On Wed, 2004-02-18 at 11:43, Steve Harris wrote:
Ideally DSP software would be written so that it never
generates them,
but, erm, well, developers are lazy, y'know :)
Writing it such a way would sometimes make it even slower.
Now the speed difference between Intel and AMD is that Intel is 10-100x
slower than AMD depending on routine. (other problem is performance
issues when memory is accessed on non-16-byte aligned address which is
about 2x slower than aligned)
However, there is a way to work around it.

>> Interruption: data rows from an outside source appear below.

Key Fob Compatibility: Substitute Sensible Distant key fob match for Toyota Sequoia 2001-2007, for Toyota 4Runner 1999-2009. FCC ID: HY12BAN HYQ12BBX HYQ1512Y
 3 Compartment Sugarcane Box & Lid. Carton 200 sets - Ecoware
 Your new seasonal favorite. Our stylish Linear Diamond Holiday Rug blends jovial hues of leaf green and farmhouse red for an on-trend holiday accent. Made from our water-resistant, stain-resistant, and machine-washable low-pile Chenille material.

On the P4 its possible that you can set some flags to
use SSE instructions
instead of 387 and tell the SSE unit to never produce denormals, but
last time I tried it, gcc 3.something generated bad code (illegal
instructions).
Best way is to code everything for SSE2 which has no denormal problems
(can treat denormals as zero). Writing code this way (and possibly using
E3DNow) will also make it run fast on AMD Opteron/Athlon64. x86-64
architecture _really_ needs asm to get a good kick out of it...
- Use SSE2
- Use prefetch
Here are some numbers for my 2.4 GHz Celeron.
C++ (Intel C++ 8.x):
10831.111 us / cross correlation on 44100 samples (single precision)
1060.100 ms / 181 tap FIR filter of 65536 samples (single precision)

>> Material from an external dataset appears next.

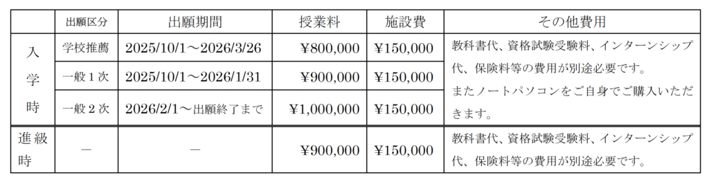 | 出願基準 | 入学金 | 授業料 | 施設費 |
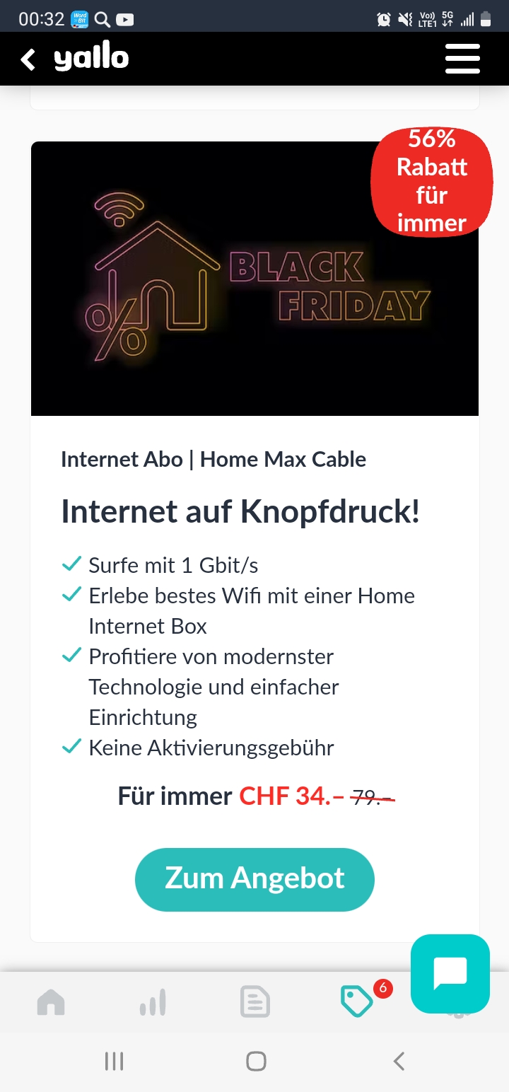 Bei yallo profitiert ihr von einem weiteren super Abo-Deal fürs Zuhause. Mit dem Internet-Abo yallo Home Max profitiert ihr nämlich von der besten verfügbaren Geschwindigkeit an eurem Einsatzort, egal ob ihr einen Kabel- oder Glasfaseranschluss habt.

6.390 ms / 5 biquad IIR filter of 65536 samples (single precision)
SSE2 (inline asm):
597.222 us / cross correlation on 44100 samples (single precision)
23.800 ms / 181 tap FIR filter of 65536 samples (single precision)
2.840 ms / 5 biquad IIR filter of 65536 samples (single precision)
--
Jussi Laako <jussi.laako(a)pp.inet.fi>